Sixty years ago, the state of Arkansas became embroiled in a tense political, social, and legal battle as a result of school integration attempts.  On August 26, 1958, a special session of the Arkansas General Assembly passed a slew of legislation in response to attempts to desegregate Arkansas public schools.  Among the sixteen bills was Act 10 which required state paid educators to make public their affiliations with political groups for the previous five years.  The purported goals were to expose subversives such as communists and communist sympathizers, but another reason for this was to reveal state employees who were members of the National Association for the Advancement of Colored People (NAACP).  Another act, Act 115, was passed in the same special session which outlawed state employees from being NAACP members.

A petition signed by over 1,000 students supporting the faculty.

The act was resisted by Little Rock teachers, notably B. T. Shelton and J. O. Powell, and several members of the University of Arkansas faculty and administration, including Max Carr and Guerdon Nichols.  Shelton, Powell, and Carr would be the plaintiffs in ensuing court challenges of the act with support from the NAACP and the American Association of University Professors (AAUP), a nonprofit group dedicated to academic freedom.  Many faculty members filed affidavits with vocal protest, others stepped down instead of signing, while a handful (including Carr) refused to sign and were fired as a result.  A rally was held by the student body on April 29, 1959 where over a thousand students signed a petition supporting the faculty in their resistance to the act.

Photo taken through a closed door of students debating a strike to protest the act.

Guerdon Nichols, then dean of the College of Arts and Sciences, was vocal in his criticism and resistance to the act.  In 1960, he received the Alexander Meiklejohn Award from the AAUP for “a consistent record of clarifying the meaning of academic freedom and of promoting the conditions of that freedom.”  Also in 1960, the United States Supreme Court heard Shelton v.
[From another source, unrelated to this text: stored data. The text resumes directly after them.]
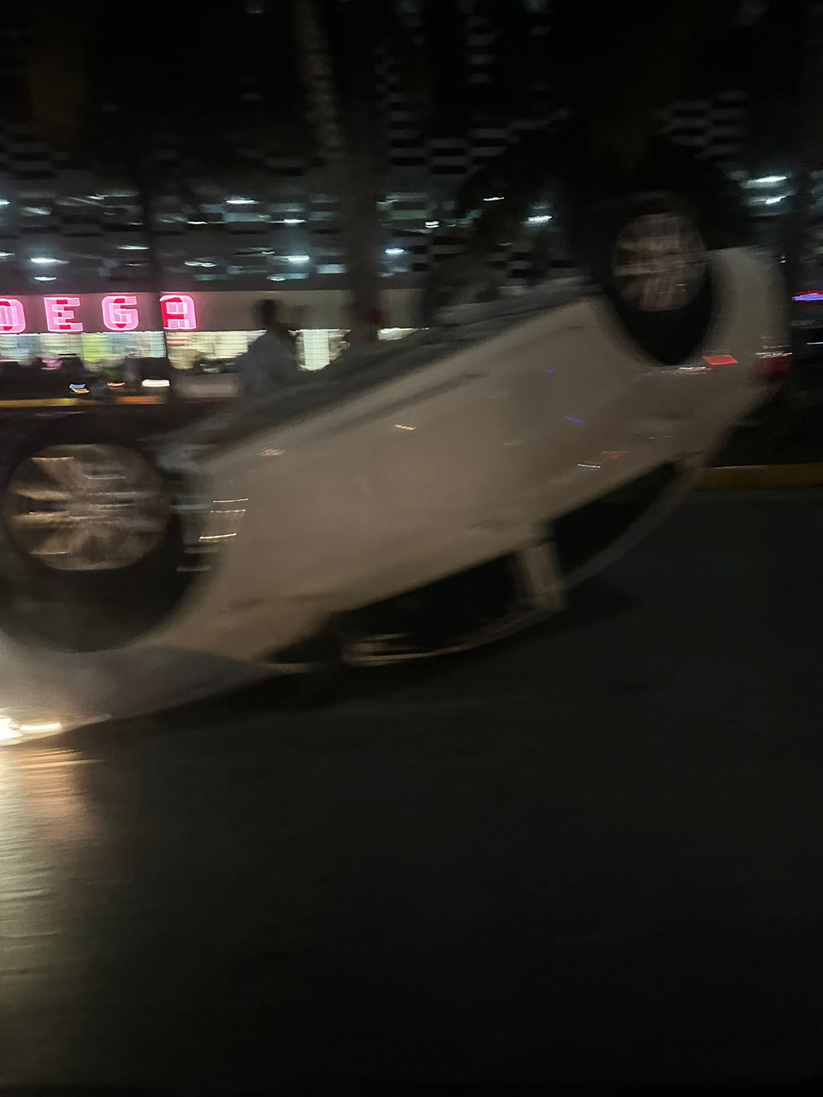 Cancún.-Tremendo susto se llevó el conductor de un vehículo compacto y su acompañante, pues terminaron volcados sobre la avenida Bonampak la noche de este jueves; por fortuna ambos resultaron ilesos, pero su vehículo tuvo daños materiales de consideración.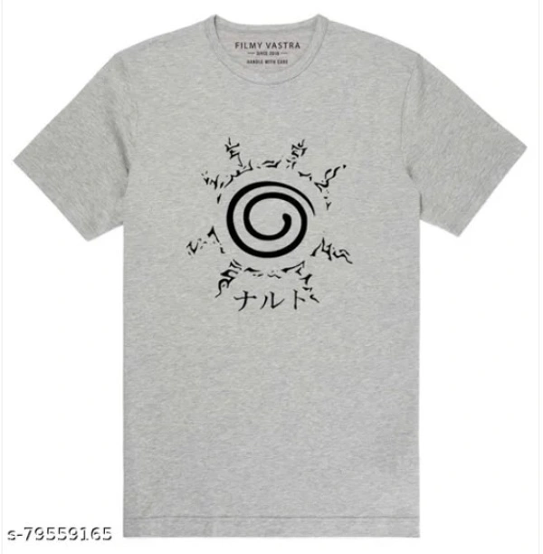 Name : Naruto Kyuubi Seal Anime 100% Grey Cotton T-Shirt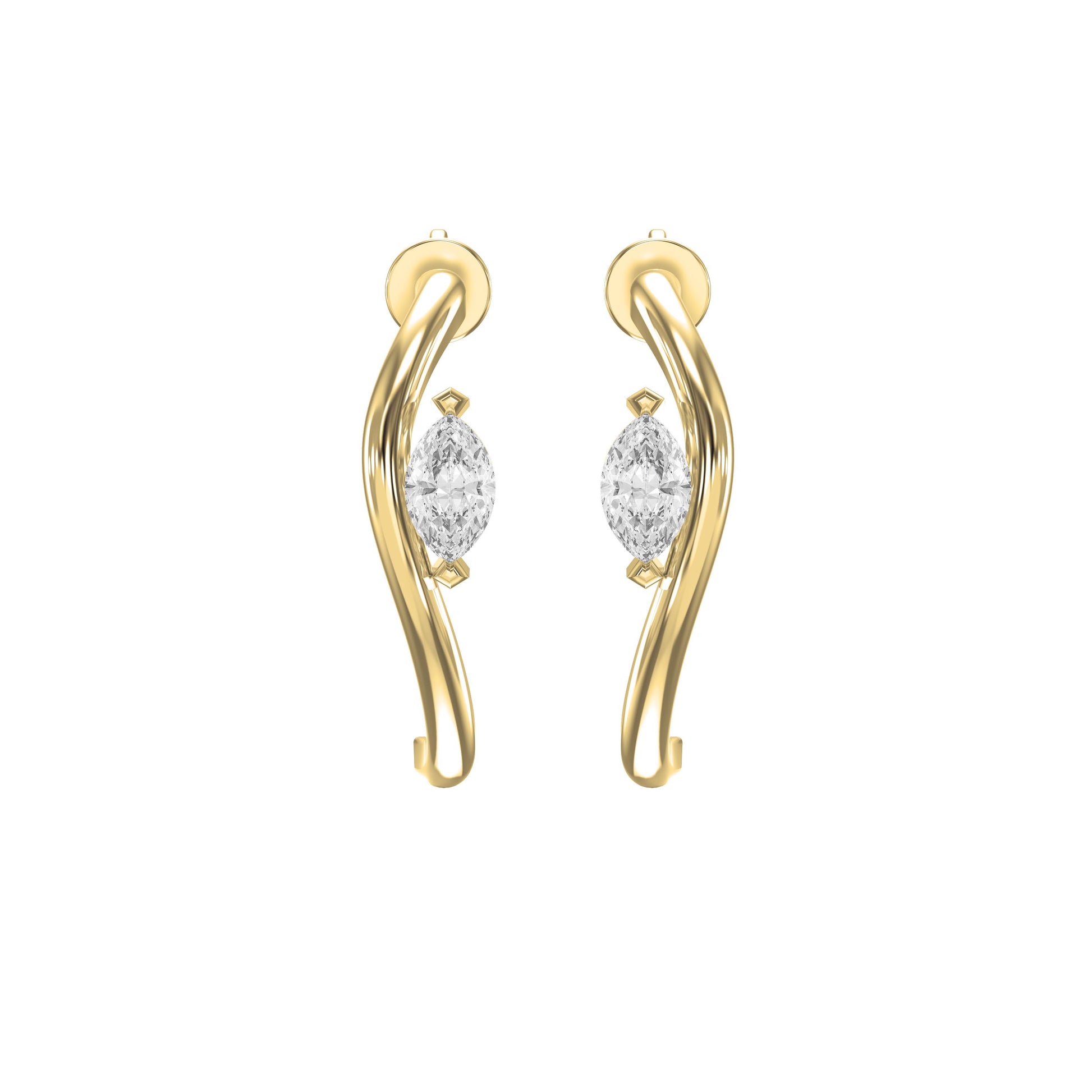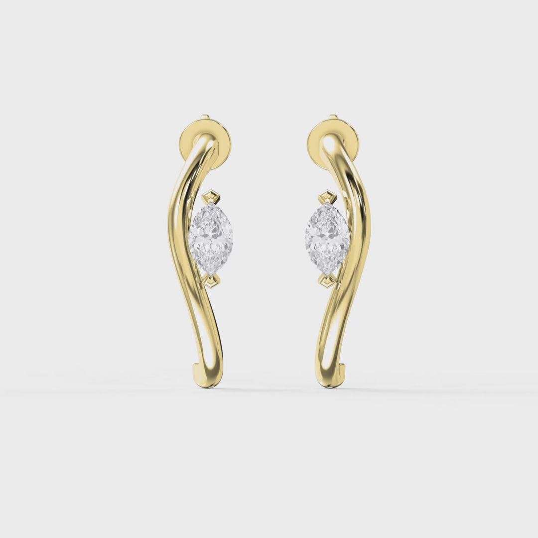 These earrings feature a captivatingmarquise-cut diamondnestled within a sensual, curving frame of polished gold. The open, swirling design mimics an elegant embrace – soft, romantic, and bold all at once. Whether viewed from the front or side, the design offers a unique profile that makes a subtle yet stunning fashion statement.

Tucker and ultimately decided in a five-to-four majority that Act 10 was unconstitutional due to violation of the due process clause of the Fourteenth Amendment.
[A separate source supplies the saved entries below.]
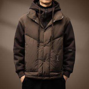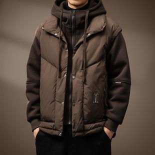 鸭绒保暖风衣防泼水棉服 冬季 安踏雪壳羽绒服四防短款 羽绒外套男款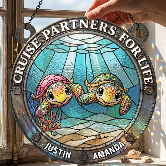 Cruise Partners For Life Sea Turle Couple - Personalized Acrylic Suncatcher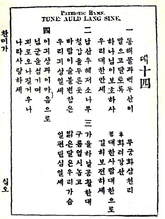 그 뒤 「애국가」가 스코틀랜드 민요「Auld lang syne」, 즉 「이별의 노래」의 곡조에 붙여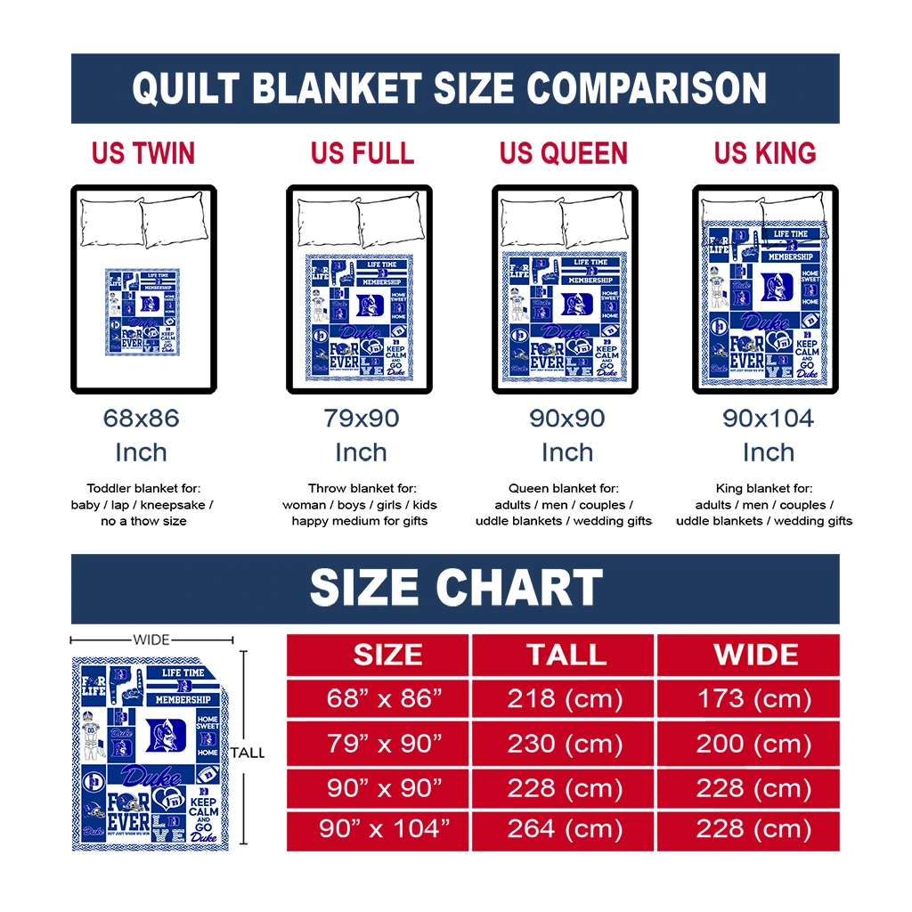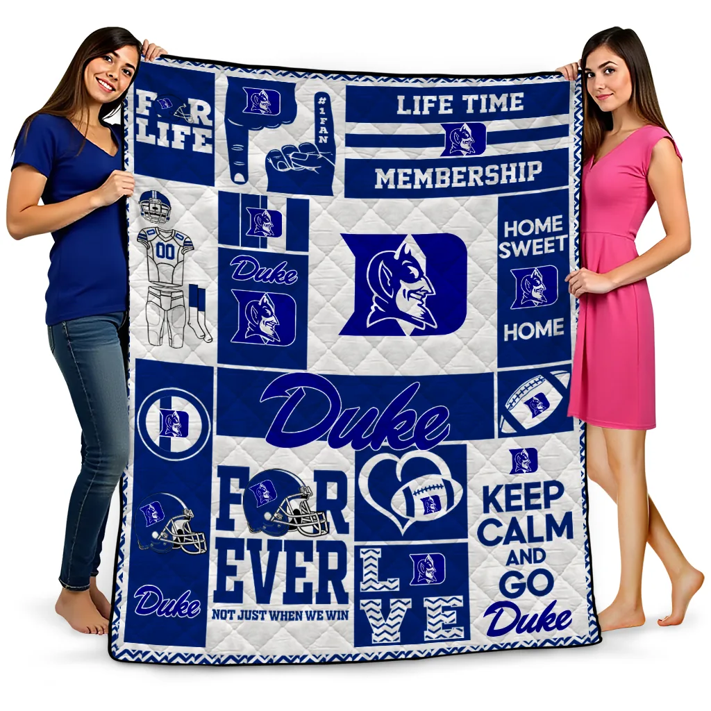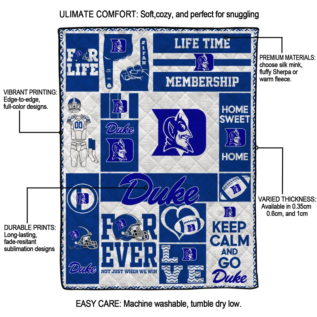 The Personalized Duke Blue Devils Helmet Passion Blue Quilt Blanket is more than a blanket—it’s everyday comfort, thoughtfully made. Crafted from premium quilting fabric with a soft microfiber touch, it offers a smooth hand-feel and lasting coziness. Layered quilting with a cotton-filled core provides adaptable warmth across seasons while maintaining a clean, tailored look on your bed or sofa.
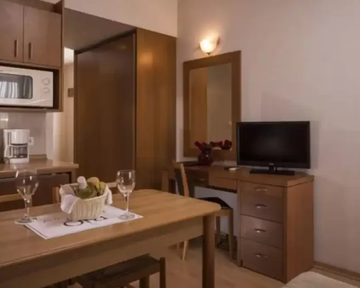 Hotel poseduje prostrana studija i apartmane. Apartmani su za maksimalno 4 osobe i sastoje se od spavaće i dnevne sobe. Studija su jednosobna i maksimalno primaju do 3 osobe. Svi su opremljeni mini kuhinjom sa osnovnim posudjem za kratku pripremu laganih obroka, klima (besplatno), wifi (besplatno), sef (uz doplatu), frižiderom, aparatom za kafu, mikrotalasnom.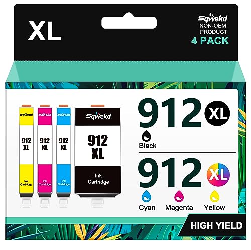 Sqwekd 912 912xl compatibile per HP 912 xl per HP OfficeJet 8010 8012 8013 8014 8015 8017 8018 per OfficeJet Pro 8022 8023 8024 8025 8030(Nero, Ciano, Magenta Giallo, 4-Pack)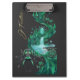 A sleek and functional clipboard featuring a striking beetle design set on a vibrant emerald island. The deep black background enhances the rich green tones, creating a bold and elegant contrast.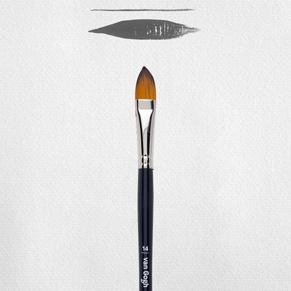 Dit met zorg gemaakte en met de hand gevormde penseel voor olie- en acrylverf heeft een flexibele haarbundel die bestand is tegen slijtage. Door de flexibiliteit van de gouden synthetische haarbundel is dit penseel bijzonder geschikt voor acrylverf, aangezien acrylverf normaal gesproken in een vloeibaarder consistentie wordt gebruikt. Dit penseel met de vorm van een kattentong (filbert) heeft een fijne punt voor het toevoegen van fijnere details en scherpe accenten. De breedte van de haarbundel op dit penseel is 11,7 mm

The Alexander Meiklejohn Award received by Nichols.

The University of Arkansas Special Collections has many resources for researching this and related topics.  The department recently opened the Guerdon Nichols Papers Addendum (MC 1370a) for research which contains the Alexander Meiklejohn Award that Nichols received from the AAUP.  Other collections include: Act 10 Petition (MC 611), E. Philip Trapp Collection (MC 1038), Guerdon David Nichols Papers (MC 1370), and the Arkansas Council on Human Relations Office Records (MC AR4 ACHR).

 

The text of the student petition (altered for readability).
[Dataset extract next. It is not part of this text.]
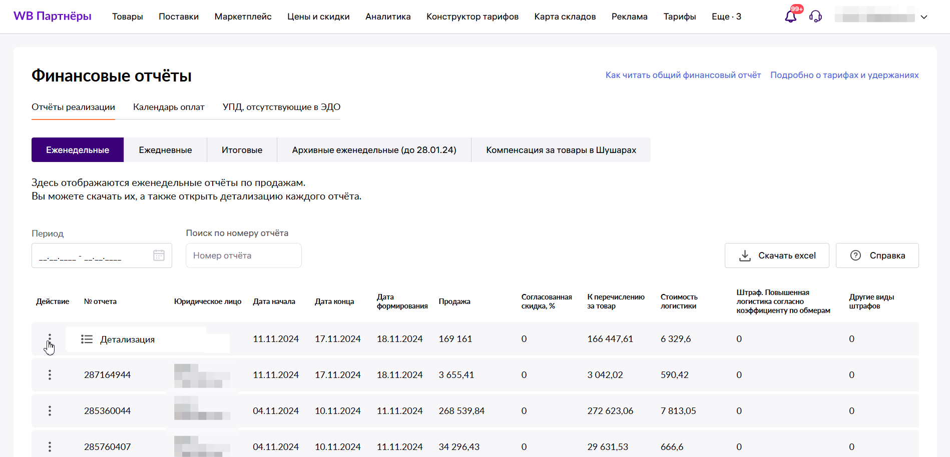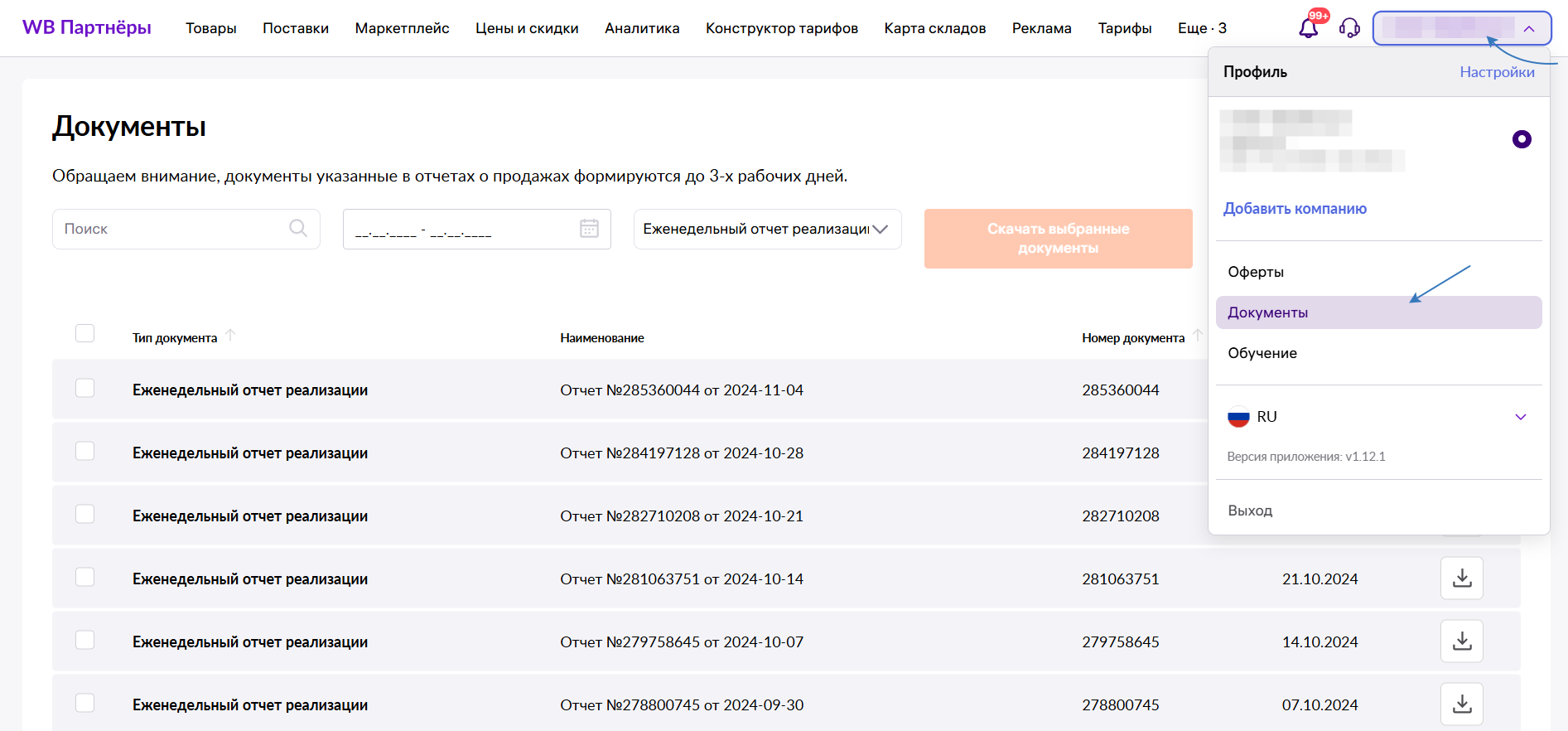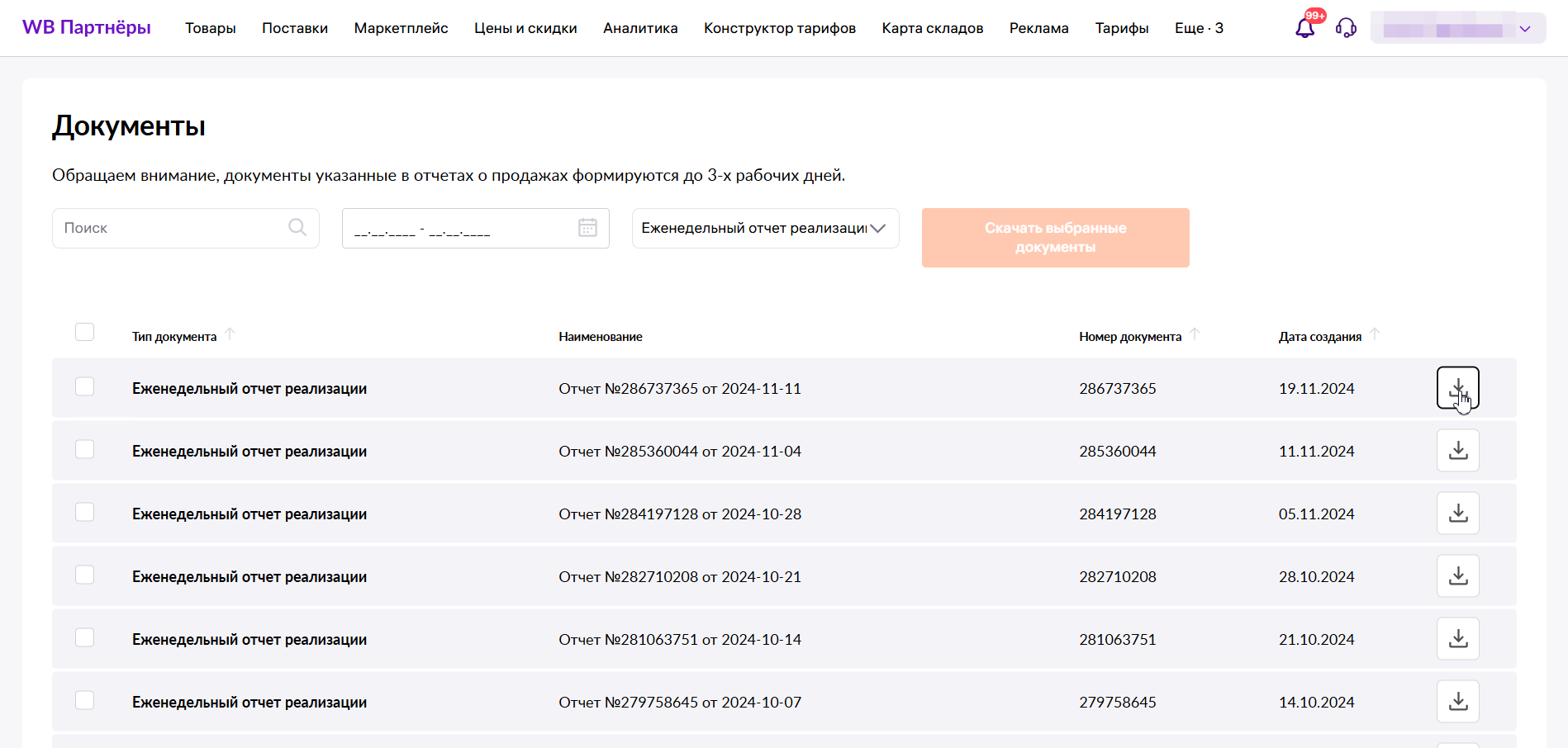 - Профиль — Документы — Еженедельный отчёт реализации (скачиваете по конкретному отчету).

Transcript: Be it so resolved, We, the students of the University of Arkansas, consider Act 10 of the 1958 special session of the Arkansas General Assembly to be not only in violation of the constitution, but also an insult to the loyalty and integrity of the members of the teaching profession.  Therefore, we call upon the members of the faculty at the University of Arkansas to refuse to sign the affidavit as required by this act, and to see its repeal by every means at their disposal.  We also call upon the administration of this university to demand a public retraction of the malicious lies made by Amis Guthridge in his interview with the Traveler on April 28th, 1959.